JiMYY:MAMA.とライヴの作り方の違いですね。MAMA.はバンド以外の音を鳴らすために同期を多く使ってるから、耳の中では基本的にクリックが鳴ってるんですよ。でも、YUKIさんのライヴにはほとんど同期がないからわかりやすくガイドになる基準がないんです。それぞれのメンバーさんとアイコンタクトしてそれぞれの音を聴いて、呼吸を合わせていかないといけない。そうやって演奏する機会がなかったので大きな経験になりました。自分たちってまだまだ知らないことだらけなんだなって痛感したし、気がつけて良かったなって感謝してます。

▲JiMYY

────壁にぶち当たれたんですね。

JiMYY:そうですね。限られたギターしかやってこなかったんだなって気がつかせてもらえました。他人の土俵に堂々と土足で上がっていく覚悟がないと学べないし、力はつかないですよね、やっぱり。

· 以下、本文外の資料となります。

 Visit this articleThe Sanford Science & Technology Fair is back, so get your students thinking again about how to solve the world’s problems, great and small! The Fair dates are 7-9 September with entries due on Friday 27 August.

YUKI:普段ずっとクリックを聴いてるんだったら逆に新鮮味に溢れてるし良いことなのかなって思うよ。どっちの環境でもできるように慣れることに意味があるし、たまには気分転換の一つにでもなったらいいなぁって感じでJiMYYを誘ってます。うちは同期なしで、ギター始まりの曲もハットのガイドとかつけないんですよ。そういうところから生まれる信頼関係ってたくさんあると思うし、それがやれるギタリストになればカッコいいじゃないですか。JiMYYの弾くギターの音色もそうですし、パフォーマンス自体もすごく好きなので、これからも縁があれば一緒にアンサンブルを組み立てていけたらいいなと思いますけど、まあ…でも、舞台度胸が一番惚れ込んだ要素ですかね。

JiMYY:ありがとうございます!

YUKI:リハの時は緊張もあったんだろうけど、何時間も一緒にいるのに2回ぐらいしか目合わなくて(笑)。

JiMYY:YUKIさん…そりゃ緊張しますよ(笑)。

YUKI:ずっと下向いてるなぁと思って見守ってたんだけど、いざ本番が始まるとちゃんと目を逸らさないでお客さんに向かってパフォーマンスする度胸があるし、音もちゃんとバーンって飛んでいってるところをセンターで歌いながら横目で見ていて…未来が明るい感じがしたんですよね。バンドが上手くいってどんどん売れていって、渋公とか国際フォーラムとか武道館に行ったとしても、変わらずキラキラした顔でちゃんとギター弾けるだろうなと思いましたね。REXとかEDGEのキャパで遠くまで目線を送れる人って少ないと思うんで、将来性あるなと感じてます。

JiMYY:もったいないです。ありがとうございます。

YUKI:ぎゅっとシンプルな言葉にまとめると“華がある”ってことですよね。その華を育んでいけるといいなぁとも思いますし、そこに一助でも二助でも少しでも僕も貢献できたら名誉なことだなと思います。